==== RECORDS

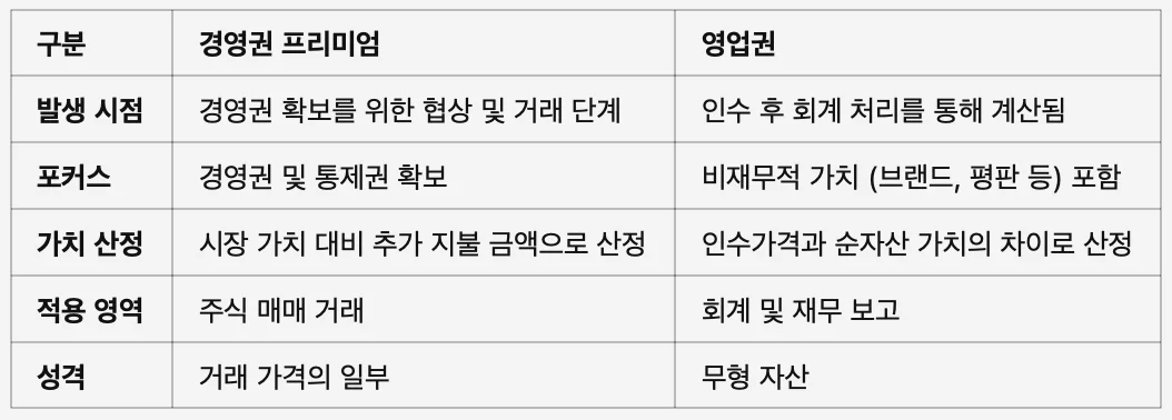 경영권 프리미엄은 영업권과는 달리 기업고유의 가치라기보다 기업의 경영권의 거래에 있어 매수에 따른 시너지 효과를 내는 가치라는 설명에 더 가깝습니다. 또 학문적으로도 명확히 정립되지 못한 개념입니다.
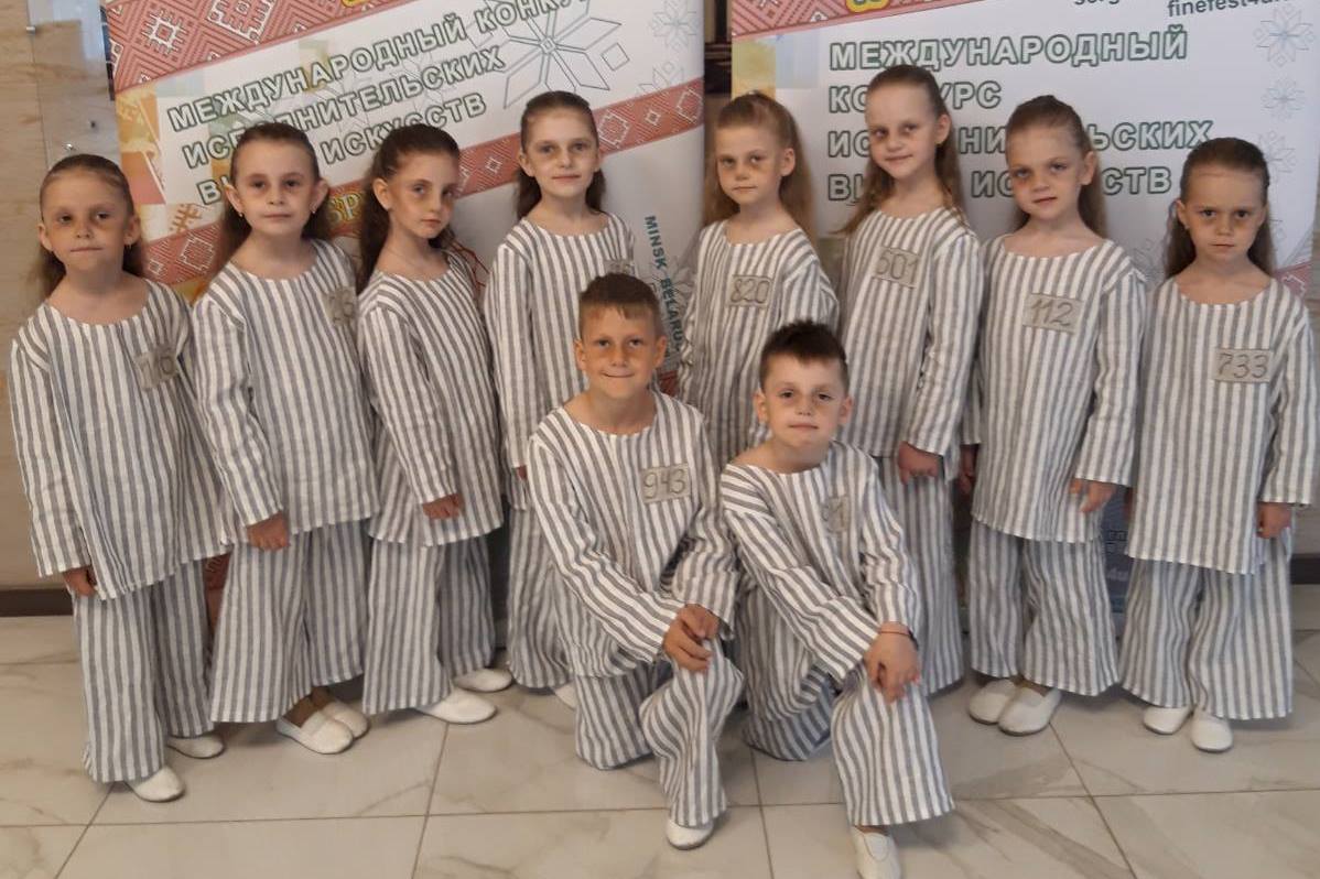 В Беларуси детский танцевальный коллектив "Звездочки" яслей – сада №3 города Ошмяны принял участие в конкурсе исполнительских видов искусств с хореографической композицией "патриотической направленности" "По вагонам" - пятилетние дети танцевали в тюремных робах.
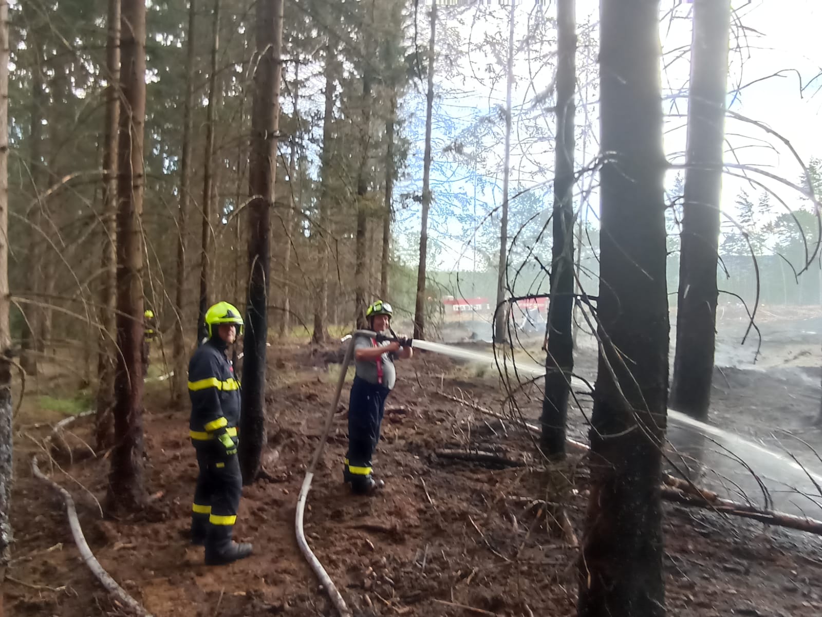27. 6. 2022 14:53 Sedm jednotek hasičů vyjelo k požáru lesního porostu v Děčíně - Bynově u Kristinina Hrádku. Hořelo na ploše 100x100m na české straně a 50x50m na německé straně. Němečtí hasiči zasahovali částečně i na české straně. Požár je lokalizovaný. Místo je proměřováno termokamerou. Zlikvidován v 18:04.
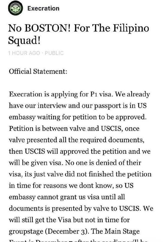答案很简单明了,Xctn签证是可以过的,但是V社迟迟不给发资料导致签证延误,随后V社把名额给了LGD。申请的是p1运动员签证,Ti6的时候他们就是这个签证但是过期了,因为p1只会给比赛日那么长的时间,比赛结束就要回国。
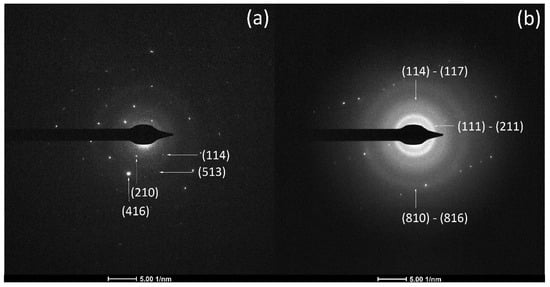The results of the SAED investigation are demonstrated in Figure 3a,b revealing diffraction patterns for SrGd2O4: Dy3+ (1 at%) and SrGd2O4: Ho3+ (1 at%), Yb3+ (6 at%), respectively. The polycrystalline structure of the samples is verified by the diffraction patterns visible as many bright spots (Figure 3a) and/or few thick diffraction rings (Figure 3b). Figure 3a reveals highly ordered bright spots, implying that particular grains exist as typical monocrystals. Nonetheless, distances between the diffraction center and bright spots were measured, exposing planes with Miller indexes (210), (114), (416), and (513), with d-spacing values of 0.283, 0.220, 0.143, and 0.160 nm, respectively. Calculated d-spacing values somewhat differ from the reference values for the planes (210) and (114), which can be ascribed to the adjustment of the unit cell parameters due to the ion swapping. Dy3+ ions are smaller than Gd3+ ions; hence, decreased interplanar spacing values after inserting Dy3+ instead of Gd3+ in the crystal lattice are anticipated. As for the sample doped with Ho/Yb, Figure 3b displays a diffraction pattern in the form of three thick diffraction rings, along with some bright spots. The appearance of diffraction rings suggests the polycrystalline structure of the sample. Since SrGd2O4 occurs as an orthorhombic lattice, which is verified by numerous diffraction peaks (JCPDS Card No. 01-072-6387), thick rings in the SAED image may refer to a few distinct but narrowly located diffraction rings merged altogether to form one thick ring. Having that in mind, it can be measured that the inner circle corresponds to the planes from (111) to (211), with d-spacing values from 0.316 to 0.278 nm, respectively. The middle and also the thickest diffraction circle indicate the presence of interplanar spacing distances from (114) to (117), with d-spacing values from 0.222 to 0.152 nm, respectively, while the outer circle corresponds to plane orientations with Miller indexes from (810) to (816), having d-spacing values from 0.118 to 0.102 nm, respectively. All presented results agree with the JCPDS Card No. 01-072-6387 assigned to SrGd2O4.

========

— PROBLEM REQUIREMENTS —
Copy out the listing above in full and leave out its pictures.

— RESPONSE TO THIS TASK —
 경영권 프리미엄은 영업권과는 달리 기업고유의 가치라기보다 기업의 경영권의 거래에 있어 매수에 따른 시너지 효과를 내는 가치라는 설명에 더 가깝습니다. 또 학문적으로도 명확히 정립되지 못한 개념입니다.
 В Беларуси детский танцевальный коллектив "Звездочки" яслей – сада №3 города Ошмяны принял участие в конкурсе исполнительских видов искусств с хореографической композицией "патриотической направленности" "По вагонам" - пятилетние дети танцевали в тюремных робах.
27. 6. 2022 14:53 Sedm jednotek hasičů vyjelo k požáru lesního porostu v Děčíně - Bynově u Kristinina Hrádku. Hořelo na ploše 100x100m na české straně a 50x50m na německé straně. Němečtí hasiči zasahovali částečně i na české straně. Požár je lokalizovaný. Místo je proměřováno termokamerou. Zlikvidován v 18:04.
答案很简单明了,Xctn签证是可以过的,但是V社迟迟不给发资料导致签证延误,随后V社把名额给了LGD。申请的是p1运动员签证,Ti6的时候他们就是这个签证但是过期了,因为p1只会给比赛日那么长的时间,比赛结束就要回国。
The results of the SAED investigation are demonstrated in Figure 3a,b revealing diffraction patterns for SrGd2O4: Dy3+ (1 at%) and SrGd2O4: Ho3+ (1 at%), Yb3+ (6 at%), respectively. The polycrystalline structure of the samples is verified by the diffraction patterns visible as many bright spots (Figure 3a) and/or few thick diffraction rings (Figure 3b). Figure 3a reveals highly ordered bright spots, implying that particular grains exist as typical monocrystals. Nonetheless, distances between the diffraction center and bright spots were measured, exposing planes with Miller indexes (210), (114), (416), and (513), with d-spacing values of 0.283, 0.220, 0.143, and 0.160 nm, respectively. Calculated d-spacing values somewhat differ from the reference values for the planes (210) and (114), which can be ascribed to the adjustment of the unit cell parameters due to the ion swapping. Dy3+ ions are smaller than Gd3+ ions; hence, decreased interplanar spacing values after inserting Dy3+ instead of Gd3+ in the crystal lattice are anticipated. As for the sample doped with Ho/Yb, Figure 3b displays a diffraction pattern in the form of three thick diffraction rings, along with some bright spots. The appearance of diffraction rings suggests the polycrystalline structure of the sample. Since SrGd2O4 occurs as an orthorhombic lattice, which is verified by numerous diffraction peaks (JCPDS Card No. 01-072-6387), thick rings in the SAED image may refer to a few distinct but narrowly located diffraction rings merged altogether to form one thick ring. Having that in mind, it can be measured that the inner circle corresponds to the planes from (111) to (211), with d-spacing values from 0.316 to 0.278 nm, respectively. The middle and also the thickest diffraction circle indicate the presence of interplanar spacing distances from (114) to (117), with d-spacing values from 0.222 to 0.152 nm, respectively, while the outer circle corresponds to plane orientations with Miller indexes from (810) to (816), having d-spacing values from 0.118 to 0.102 nm, respectively. All presented results agree with the JCPDS Card No. 01-072-6387 assigned to SrGd2O4.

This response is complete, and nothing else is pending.